The Art of Noises (L’arte dei Rumori) is a futurist manifesto, written by Luigi Russolo in a 1913 letter to friend and Futurist composer Francesco Balilla Pratella. In it, Russolo argues that the human ear has become accustomed to the speed, energy, and noise of the urban industrial soundscape; furthermore, this new sonic palette requires a new approach to musical instrumentation and composition.He proposes a number of conclusions about how electronics and other technology will allow futurist musicians to “substitute for the limited variety of timbres that the orchestra possesses today the infinite variety of timbres in noises, reproduced with appropriate mechanisms”. Russolo designed and constructed a number of noise-generating devices called Intonarumori and assembled a noise orchestra to perform with them. A performance of his Gran Concerto Futuristico (1917) was met with strong disapproval and violence from the audience, as Russolo himself had predicted. None of his intoning devices have survived.
With 2013 being the 100th anniversary of both The Art of Noises and John Cage’s birth, the directors of CMU’s Wats:ON? Festival, Golan Levin and Spike Wolff felt the time was ripe for a presentation of noise, and decided to re-construct the forgotten Intonarumori instruments. Carl Bajandas, a sculptor, an instrument builder studying violin-making at Philip Injeian’s downtown violin shop, and a former manager of a company that built life-size animatronic dinosaurs, took the lead, and built 10 normal sized, and 1 large bass Intonarumori instruments.
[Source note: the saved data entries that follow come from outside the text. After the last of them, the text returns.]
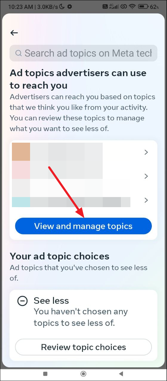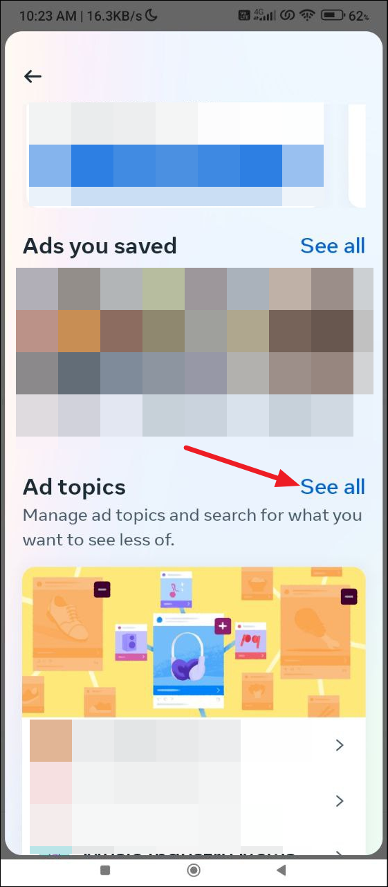 - Next, tap on the 'See All' option on the right of 'Ad Topics'.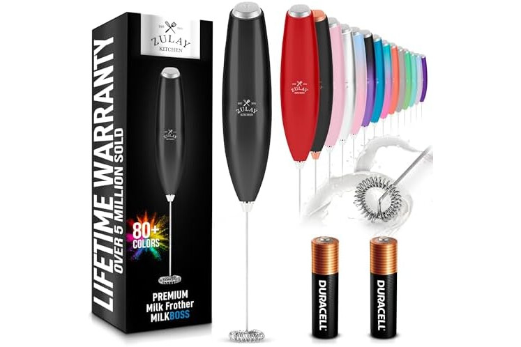 Zulay Kitchen Milk Frother Handheld Electric Whisk with AA Duracell Batteries – Durable Drink Mixer for Coffee, Lattes, Cappuccinos & More - Metallic Black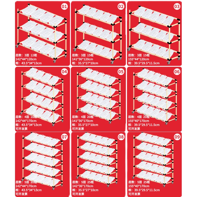 01 Three layers of 12 frames 142*36*1200cm02 Three layers of 15 frames 141*40*120cm03 Three layers of 15 frames 155*40*120c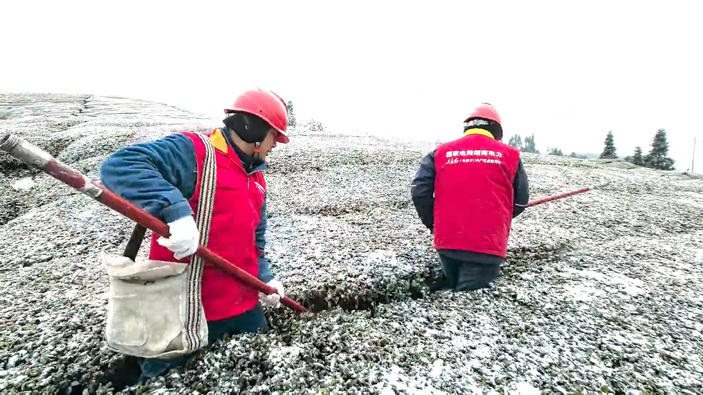 常德市石门县高海拔区域路面被积雪覆盖,国网常德供电公司组织“电骡子”共产党员服务队迎风踏雪开展线路设备特巡;湖南省电科院技术人员启用其自主研发的第二代操作杆式线路带电除冰装置,对山区覆冰线路开展现场作业。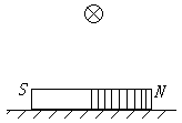 如图所示,条形磁铁放在水平粗糙桌面上,它的正中间上方固定一根长直导线,导线中通过方向垂直纸面向里(即与条形磁铁垂直)的电流,和原来没有电流通过时相比较,磁铁受到的支持力N和摩擦力f将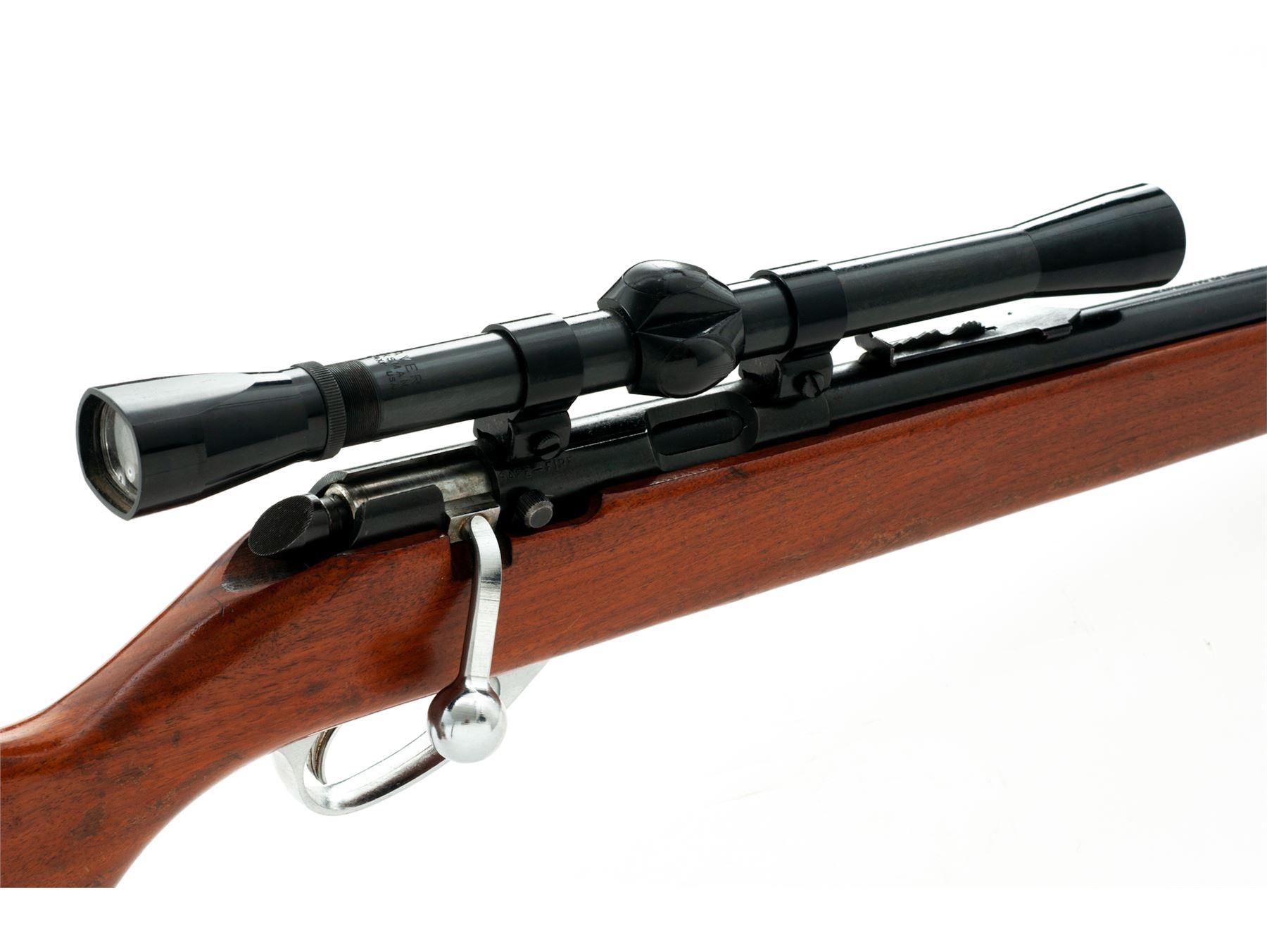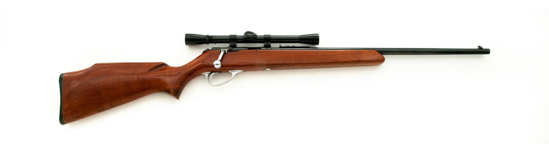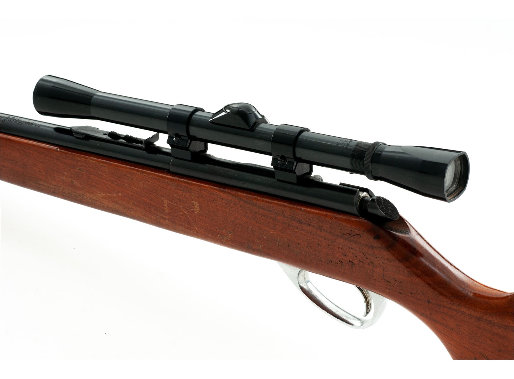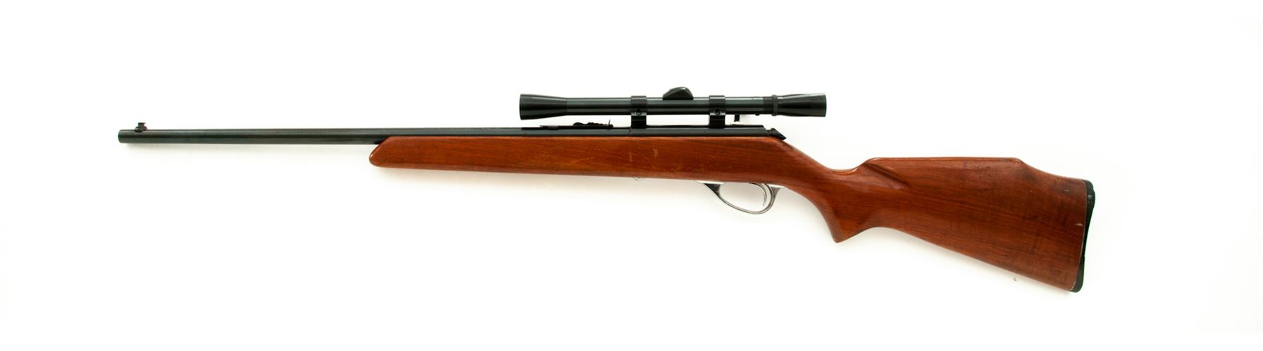 J.C. Higgins Model 41-DLA Bolt Action Single-Shot Rifle, with scope, NVSN, .22 Auto RF cal., blued 27'' round barrel, with dovetailed bead-blade front and adjustable leaf open rear sights. Steel receiver is mounted with a Weaver ''Marksman'' 12'' scope marked ''M 3/4'' - 4XW U.S.A.''; bolt with chromed handle, chromed grooved trigger and loop guard; varnished hardwood pistol-grip halfstock with grooved black plastic buttplate. Condition is fine, the blued and plated parts retaining approx. 96% original finish, the scope with excellent optics and two end caps. Stock is smooth and solid with normal handling marks and nice color. Action is smooth; bore is bright with deep rifling. Est.: $100-$200. (C&R)
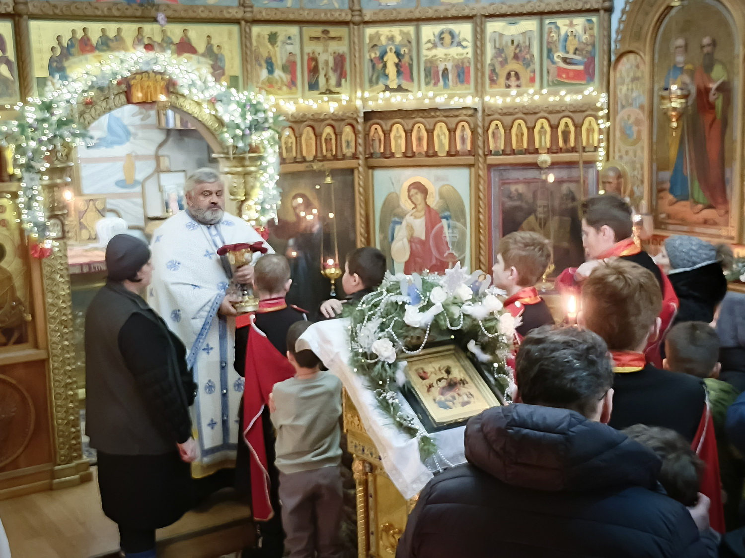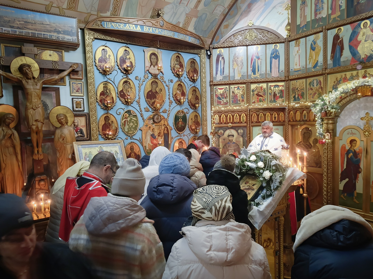 Затем отец Гавриил поздравил прихожан с Рождеством Христовым и пригласив всех молящихся на праздничный молебен к Рождественскому вертепу который находится перед знанием Духовно-просветительского центра.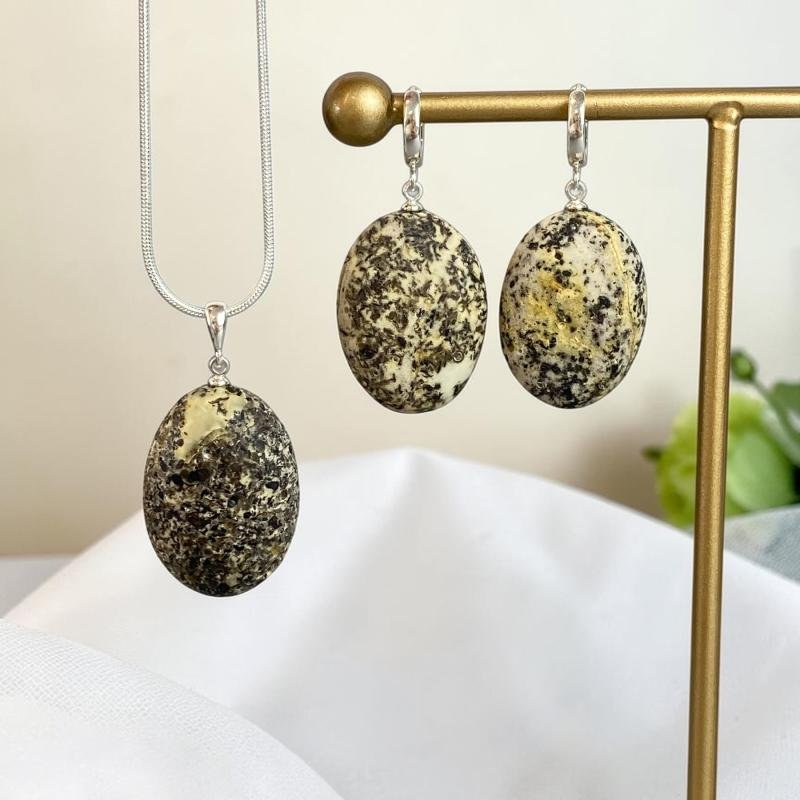 Išskirtinio dizaino Baltijos gintaro rinkinys, sujungiantis gamtos unikalumą ir modernią eleganciją. Šis „putpelinis“ gintaras pasižymi unikaliais raštais, kurių neįmanoma atkartoti, todėl būsite tikri, kad dėvite vienetinius papuošalus.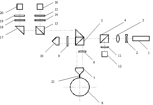 Рис. 2. Оптическая схема интерферометра: 1 — лазер; 2, 3 — линзы; 4, 5, 13 — светочувствительный кубик; 6, 9 — пластинка λ /4; 7, 10 — уголковый отражатель; 8 — фонографический цилиндр; 11, 14, 15, 18, 19 — поляризационный фильтр; 12, 16, 20 — фотодетектор; 17 — призма; 21 — игла.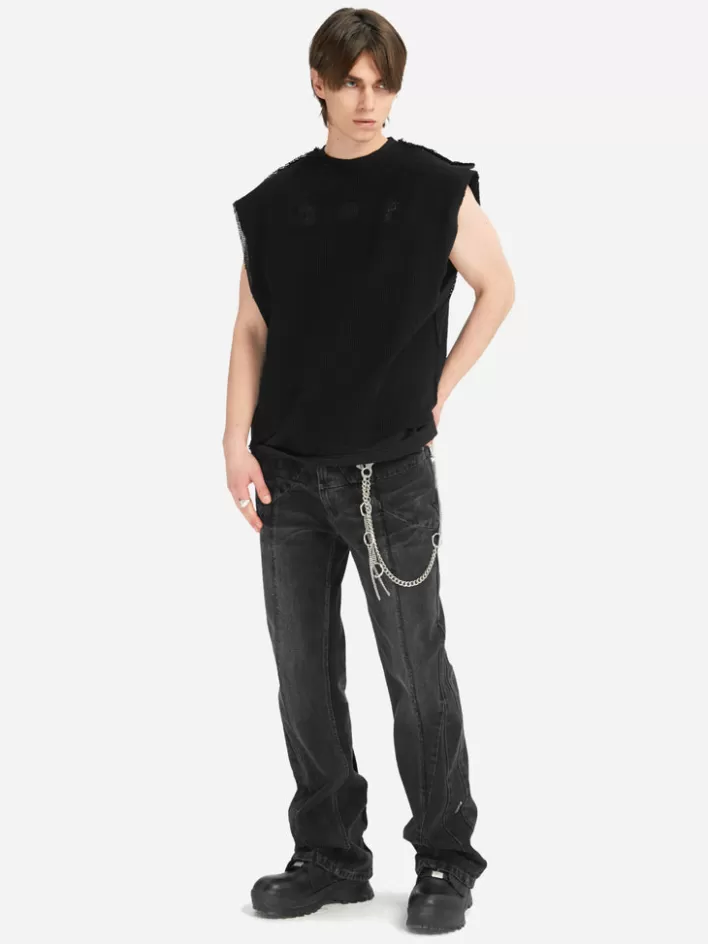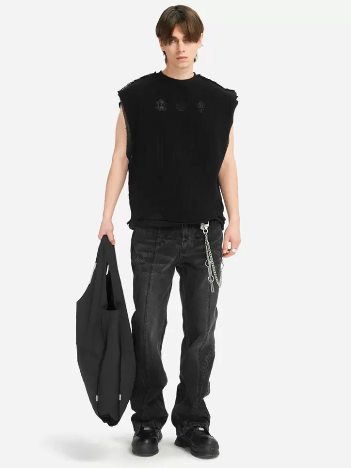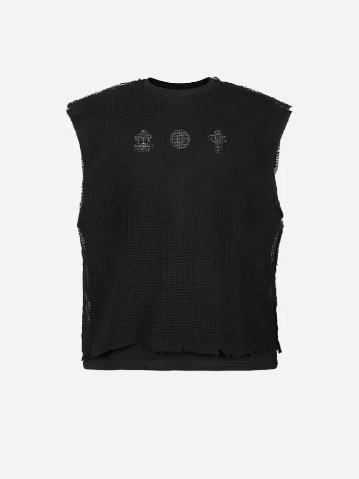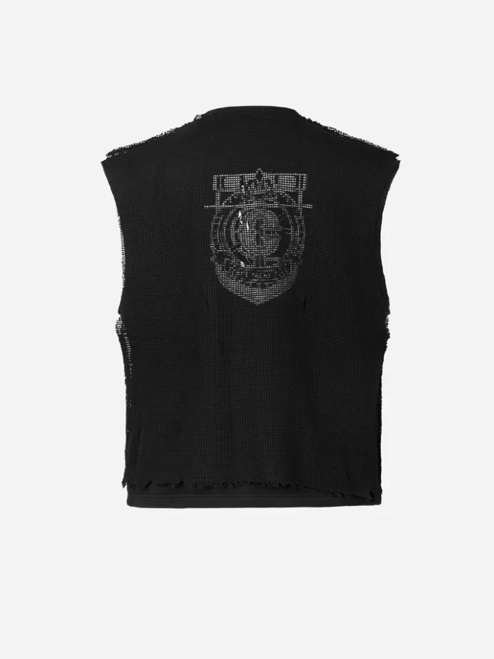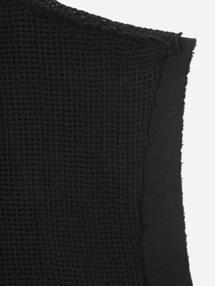 Fashion C2H4 005 – Distressed Knit Meshing Layered Vest Fogged Black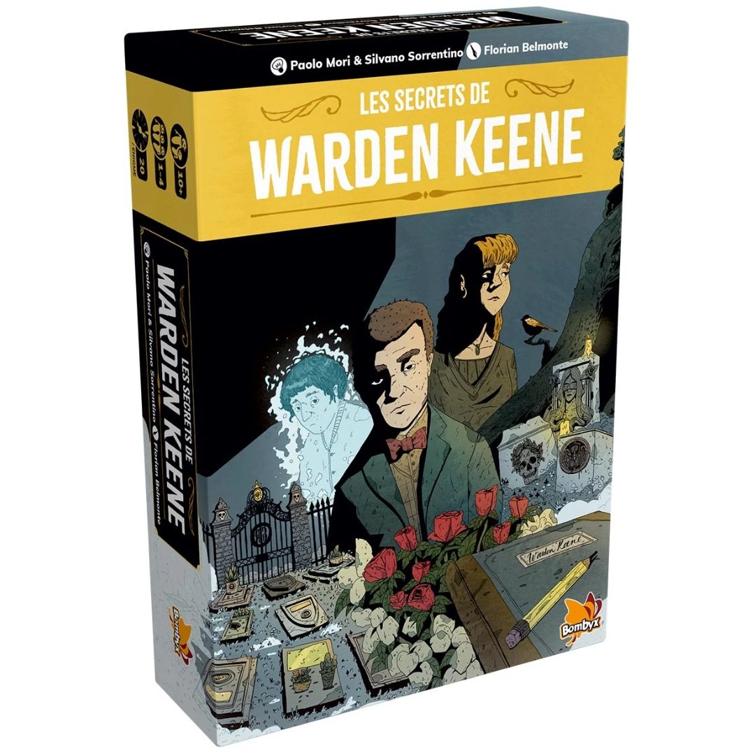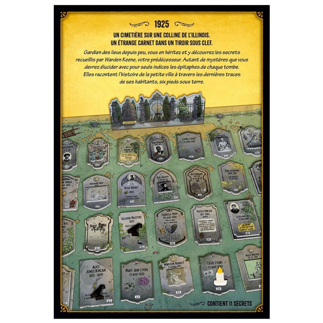 Les Secrets de Warden Keene est un jeu d’enquête narratif et immersif pour 1 joueur ou plus. Dans ce jeu de société, vous plongez dans les histoires tragiques des habitants du cimetière de Spoon River en observant leurs pierres tombales et en décryptant le journal du gardien.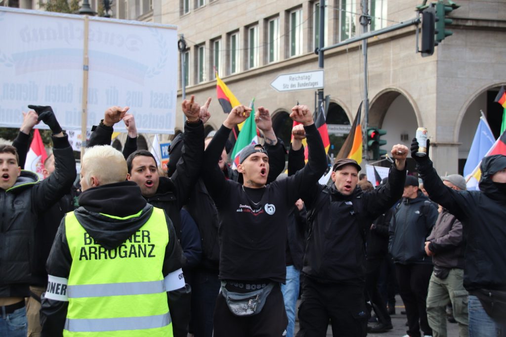 Immer wieder säumten Gegendemonstranten die Route der rechten Demonstranten.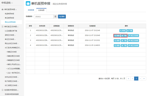 点击“下载”按钮下载预审核反馈ZIP文件,将反馈的ZIP文件读入到出口退税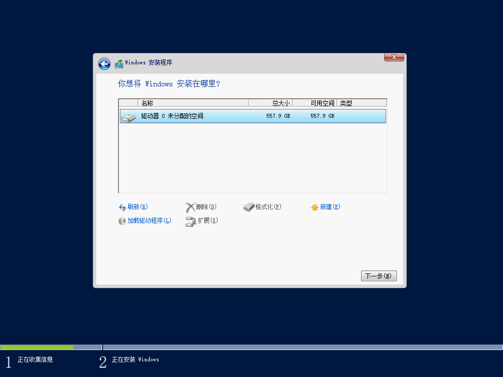 然后即可发现卷和硬盘,可新建分区并下一步开始安装操作系统。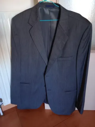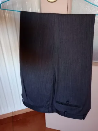 Conjunto de levita, pantalón, tirantes y zapatos, perfecto para eventos formales. Chaqué talla: 48, medida hombros:43 cm. Longitud levita:108 cm. Longitud manga: 58 cm. Pantalón talla: 46 medida cintura: 47 cm. largo 99 cm. tiene bajo para sacar. Lleva botones para tirantes. Zapatos talla 40 marca Vagabond. Precio: levita sola: 129€ pantalon : 59€ zapatos: 59€ tirantes de regalo con levita y pantalón Precio del conjunto: 219€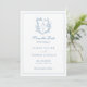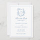 Blått kort för elegant med bröllop spara datum i monogram vapensköld.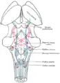 تشريح عميق لجذع الدماغ. منظر بطناني.
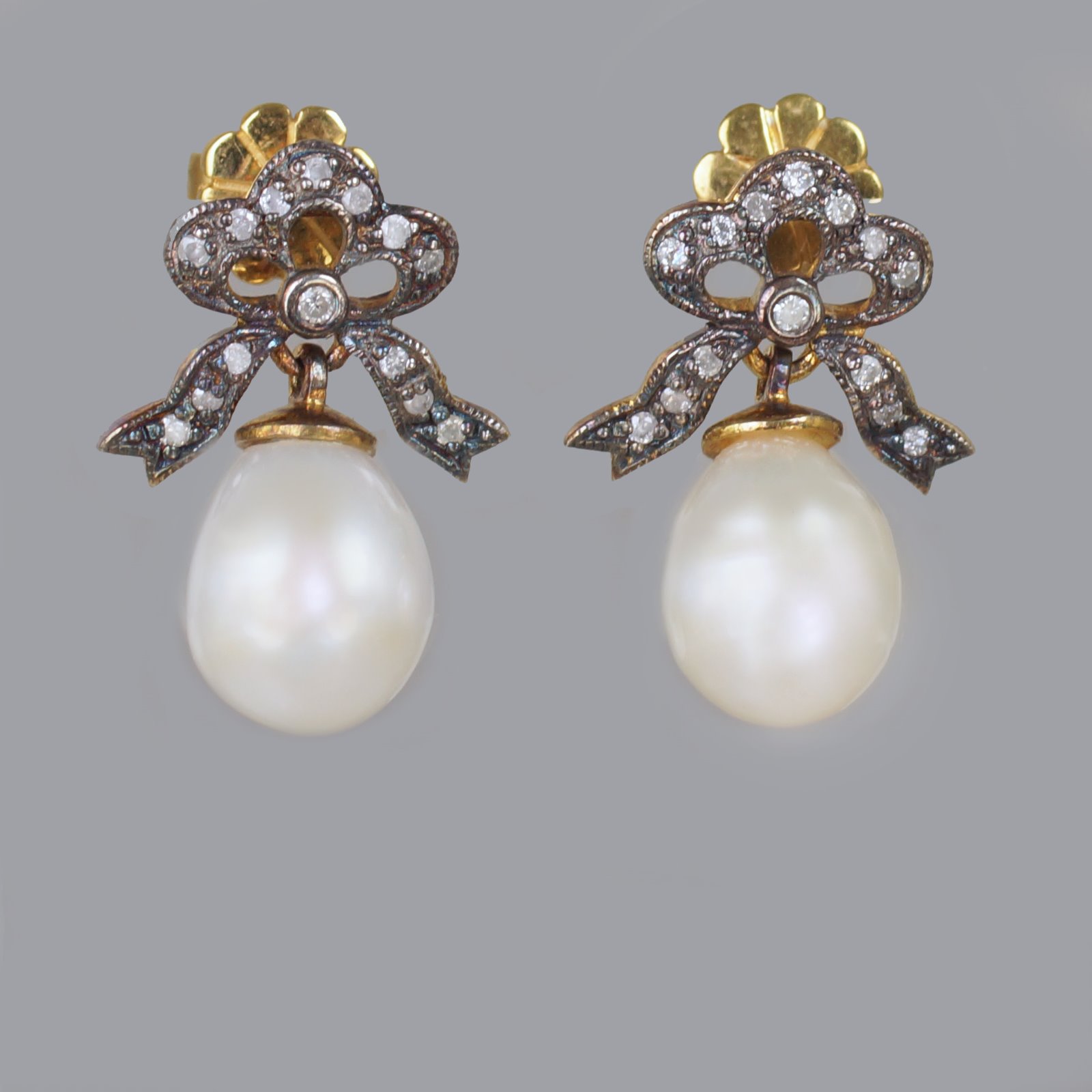 Victorian Pearl & Diamond Drop Earrings 18ct Gold & Silver Antique Dangle Earrings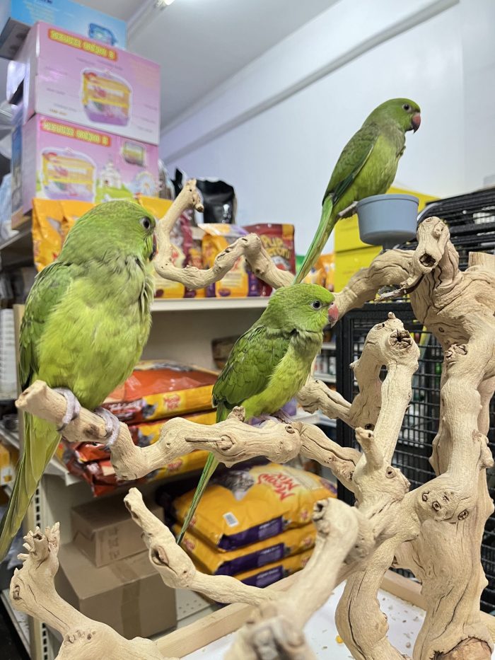 African ringnecks look quite similar to their Indian cousins, but whereas Indian ringnecks are a vibrant deep green, African ringnecks are more of a lime green. Also, the signature black ring around the male African’s neck is thicker and more prominent than that of the Indian variety. Conversely, the rose-colored ring is more prominent in the Indian ringneck. The Indian ringneck also has a larger red beak, whereas the African has a smaller plum-colored beak.
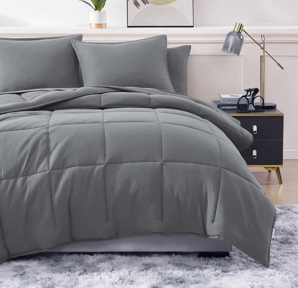 2. Lujo y confort intemporal: Nuestro Juego de Edredón California King Pre-Lavado de 7 Piezas puede adaptarse a cualquier decoración del hogar y añadirá elegancia a cualquier estética del hogar. Disfruta de la suavidad excepcional de nuestras finas sábanas de microfibra 100% pre-lavadas y cojines de almohada y shams. Este set está especialmente diseñado para que tengas un sueño cómodo y reparador.

Meanwhile, Ziyun Peng, and I have been asked to collaborate, and compose for the concert.
Our initial idea was to make this piece incredibly melodic, and create a modern-day ironic representation of noise. However, later we thought that everyone should be able to play the Intonarumori, not just musicians, because it’s ‘noise’. In order to achieve this, we needed a new notation system different than Russolo’s original. We wanted to stick to the original, but not as much. So first, we numbered all Intonarumori boxes, and sampled hours of audio from them. Created a 10-12 min composition in 2 weeks, and finally created a notation system to represent the composition.We then found musicians who are willing to make noise, and non-musicians who are willing to play. We wanted to maintain the balance, so only 50% of the players were musicians. The notation system worked pretty well except for the timing. We asked the players to do extra-ordinary stuff that are non-musical in every possible way, so timing the hardcore-mechanical stuff and still making it sound like noise was impossible. To address this issue, we decided to have two monitors on stage to tell everyone what to do and when to do. Technically, everything was random, however, it was also planned. So by telling the players what techniques they can use, by not telling them where to use them, and limiting the techniques to parts of the composition, we’ve successfully achieved a planned randomness. There are patterns, but the amount of randomness is enough to make the ultimate noise music.